(Dataset content)
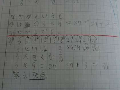 3年生になって最初の学習は、2年生の九九の復習でした。九九の表をもとにすれば、九九にない「3かける10」などの答えも求めることができます。ノートには自分の考えを文字で書けるようにしたいです。自分なりの答えの導き方を文章にすることで、人に説明することができます。毎時間の積み重ねが大事です。
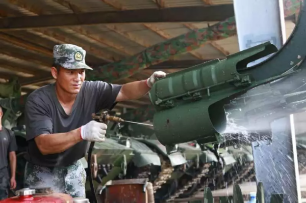 按照规定,训练完毕后,需对战车进行清理保养,小编也想上去帮帮忙,手接触到坦克钢铁盖时,一下子被烫的缩了回来。
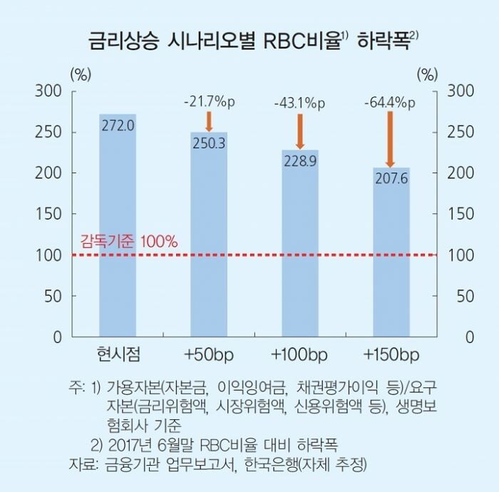 현재 생보사의 매도가능채권 규모는 지난 6월말 기준 213조7000억원에 달한다. 한은에 따르면 시장금리가 0.5%포인트 오르면 생보사의 평균 위험기준 자기자본비율(RBC비율)은 6월말 272%에서 21.7%포인트 하락하는 것으로 추정됐다.
(End Dataset content)
What needs to be done: Each word of the data should be repeated exactly, and the pictures left out.

Answer box:
 3年生になって最初の学習は、2年生の九九の復習でした。九九の表をもとにすれば、九九にない「3かける10」などの答えも求めることができます。ノートには自分の考えを文字で書けるようにしたいです。自分なりの答えの導き方を文章にすることで、人に説明することができます。毎時間の積み重ねが大事です。
 按照规定,训练完毕后,需对战车进行清理保养,小编也想上去帮帮忙,手接触到坦克钢铁盖时,一下子被烫的缩了回来。
 현재 생보사의 매도가능채권 규모는 지난 6월말 기준 213조7000억원에 달한다. 한은에 따르면 시장금리가 0.5%포인트 오르면 생보사의 평균 위험기준 자기자본비율(RBC비율)은 6월말 272%에서 21.7%포인트 하락하는 것으로 추정됐다.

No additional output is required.